If you read the book Lean-Startup, you know it’s all about iteration, testing, data, experiments instead of long-term, predictions, planning. Planning is directive, but that’s it, nothing more. If you’re also in the stage I am in of growing the business, investors for instance will look at how adaptive you are. A business plan can be invalid within days, the team behind it needs to have adaptiveness capabilities, being agile, responsive. An adaptive strategy is one of them.

Great article on the Stanford Social Innovation Review on adaptive strategy. Dana O’Donovan and Noah Rimland Flower show how adaptive strategies differ from classical strategies in the image below:

They elaborate:

Creating strategies that are truly adaptive requires that we give up on many long-held assumptions. As the complexity of our physical and social systems make the world more unpredictable, we have to abandon our focus on predictions and shift into rapid prototyping and experimentation so that we learn quickly about what actually works.

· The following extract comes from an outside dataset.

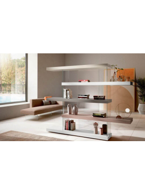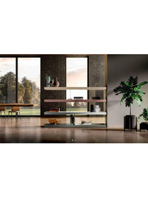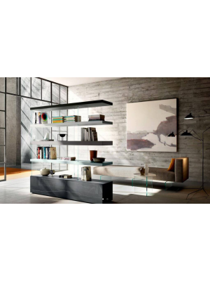 El sistema AIR se basa en estantes y módulos suspendidos sobre patas de cristal casi imperceptibles. Esta solución estructural crea un efecto visual único: las librerías parecen flotar en el aire, eliminando el peso visual y permitiendo que la luz circule libremente.

To provide structure to this a fluid and adaptive approach, they focus on answering a series of four interrelated questions about the organization’s strategic direction: what vision it wants to pursue, how it will make a difference, how it will succeed, and what capabilities it will take to get there.

Fast, fluid and flexible

Last year Nilofer Merchant wrote an article on Harvard Business Review on how organizations will have to transform to survive and thrive in the Social Era. She said: Fast, fluid and flexible, meaning strategy has to be as well.

Launch and iterate. Continuously adapt to data patterns and insights.

What does this mean on a macro and micro level?

Image from Jade McDade

To execute adaptive strategies you need to communicate, openly, fast, otherwise an organization can become tangled up in processes and bureaucracy.

What do you find challenging in an adaptive strategic approach?